### DATA FOR THIS EXERCISE
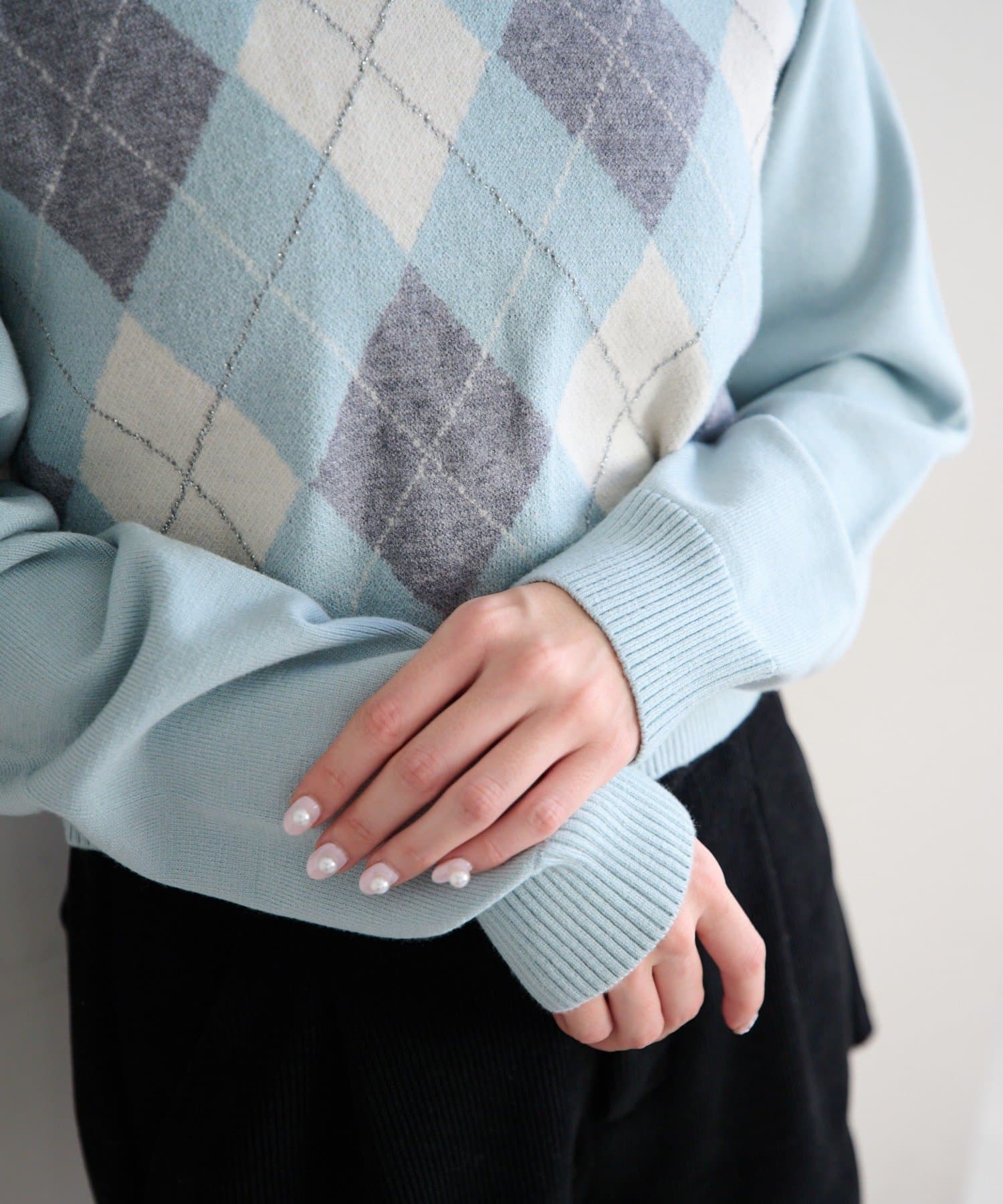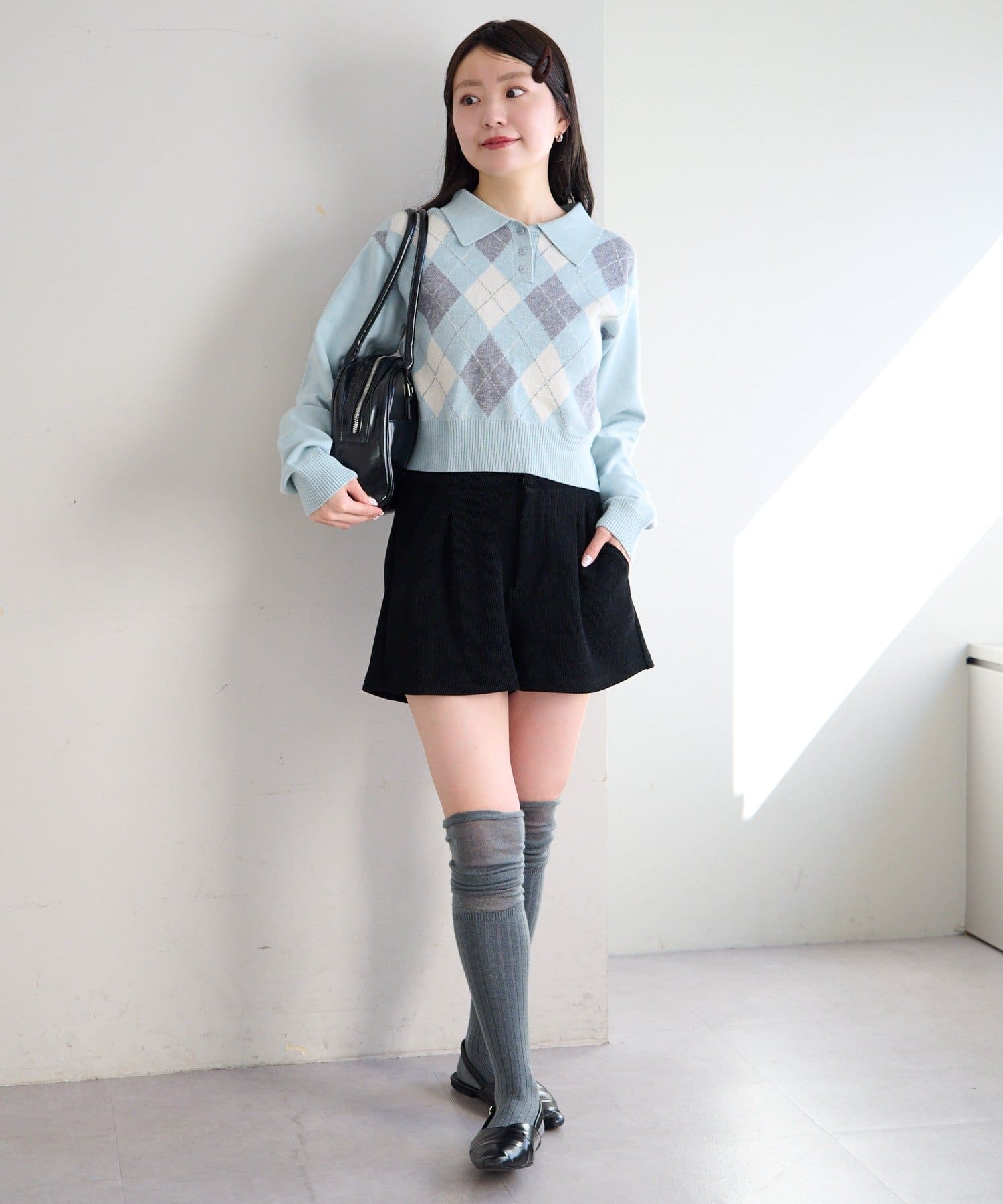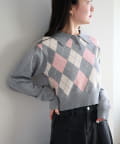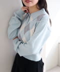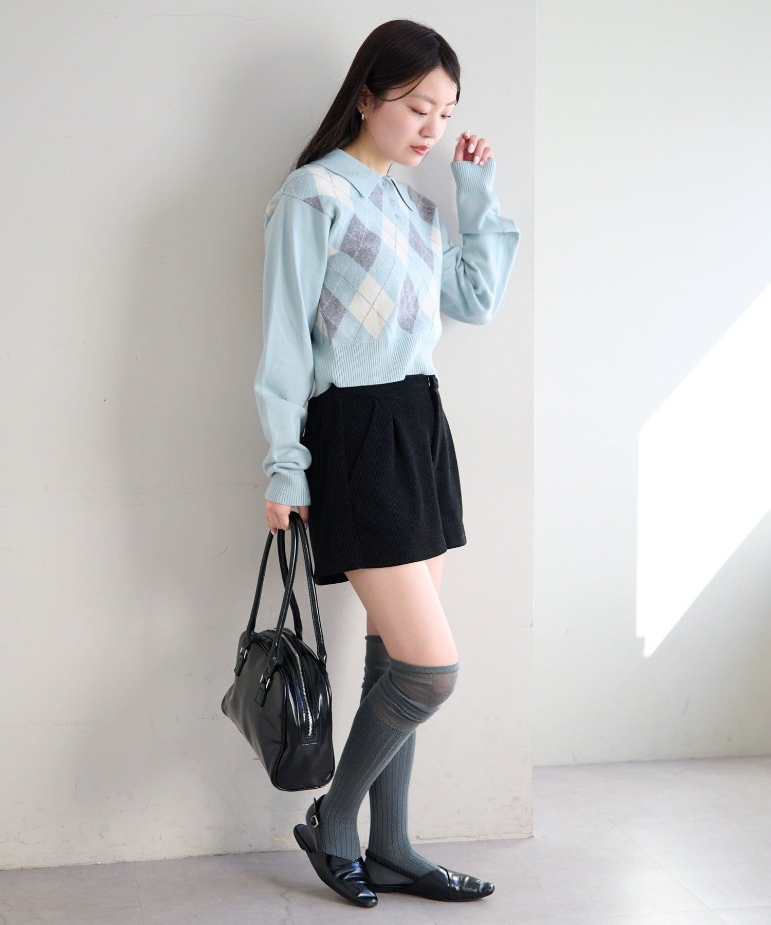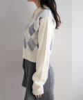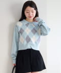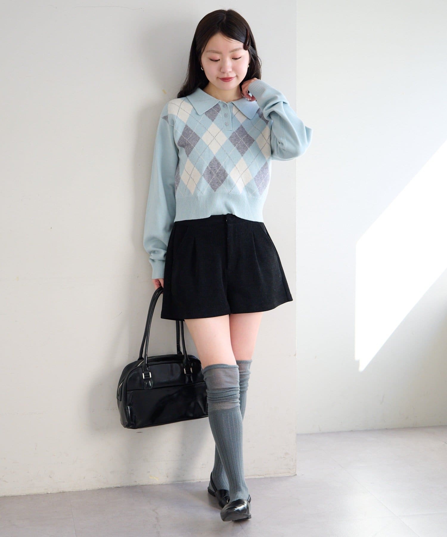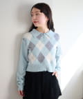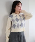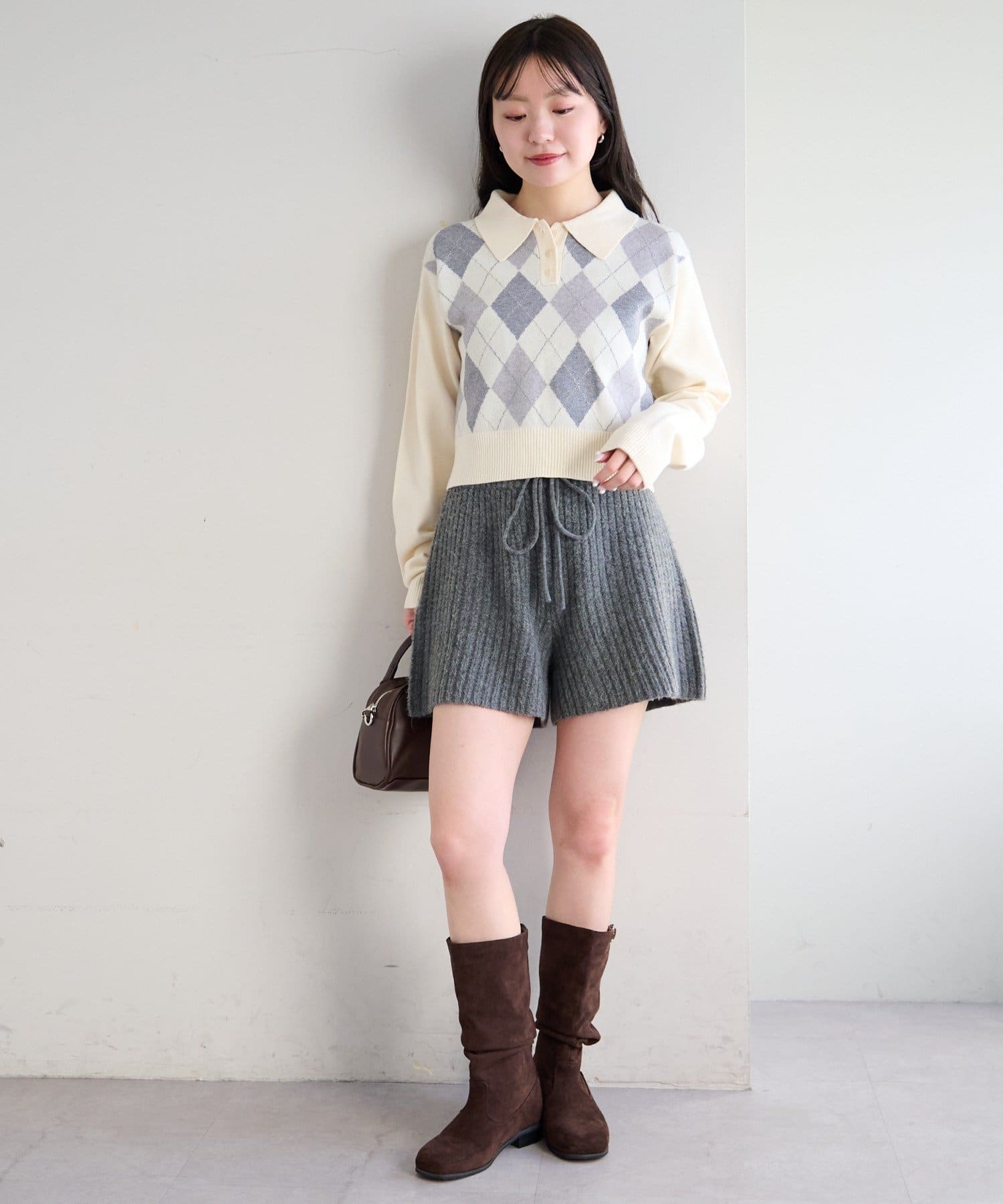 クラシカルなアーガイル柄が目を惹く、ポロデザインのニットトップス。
==
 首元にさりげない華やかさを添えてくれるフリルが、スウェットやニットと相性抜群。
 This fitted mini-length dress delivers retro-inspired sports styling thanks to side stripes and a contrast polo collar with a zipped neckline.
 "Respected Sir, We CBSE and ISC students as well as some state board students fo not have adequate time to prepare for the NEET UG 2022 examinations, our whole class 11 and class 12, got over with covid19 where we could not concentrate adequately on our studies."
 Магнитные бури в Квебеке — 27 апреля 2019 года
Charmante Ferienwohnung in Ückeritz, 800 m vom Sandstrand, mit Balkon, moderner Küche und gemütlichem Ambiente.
...
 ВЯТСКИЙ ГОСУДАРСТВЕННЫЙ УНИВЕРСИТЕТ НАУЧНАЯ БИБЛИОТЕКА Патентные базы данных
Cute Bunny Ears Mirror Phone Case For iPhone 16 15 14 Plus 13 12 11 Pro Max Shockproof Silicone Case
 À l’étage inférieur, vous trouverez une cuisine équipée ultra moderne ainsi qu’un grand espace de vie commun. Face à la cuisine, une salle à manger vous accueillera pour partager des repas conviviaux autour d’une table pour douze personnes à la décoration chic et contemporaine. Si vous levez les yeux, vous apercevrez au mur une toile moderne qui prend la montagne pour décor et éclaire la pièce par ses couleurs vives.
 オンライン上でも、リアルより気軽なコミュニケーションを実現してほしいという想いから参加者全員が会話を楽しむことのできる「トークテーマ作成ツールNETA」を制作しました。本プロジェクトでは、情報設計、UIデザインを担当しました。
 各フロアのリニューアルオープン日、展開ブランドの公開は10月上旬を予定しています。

### WHAT YOU SHOULD DO
Could you copy each line of the material that holds "with"?

### EXERCISE ANSWER
 This fitted mini-length dress delivers retro-inspired sports styling thanks to side stripes and a contrast polo collar with a zipped neckline.
 "Respected Sir, We CBSE and ISC students as well as some state board students fo not have adequate time to prepare for the NEET UG 2022 examinations, our whole class 11 and class 12, got over with covid19 where we could not concentrate adequately on our studies."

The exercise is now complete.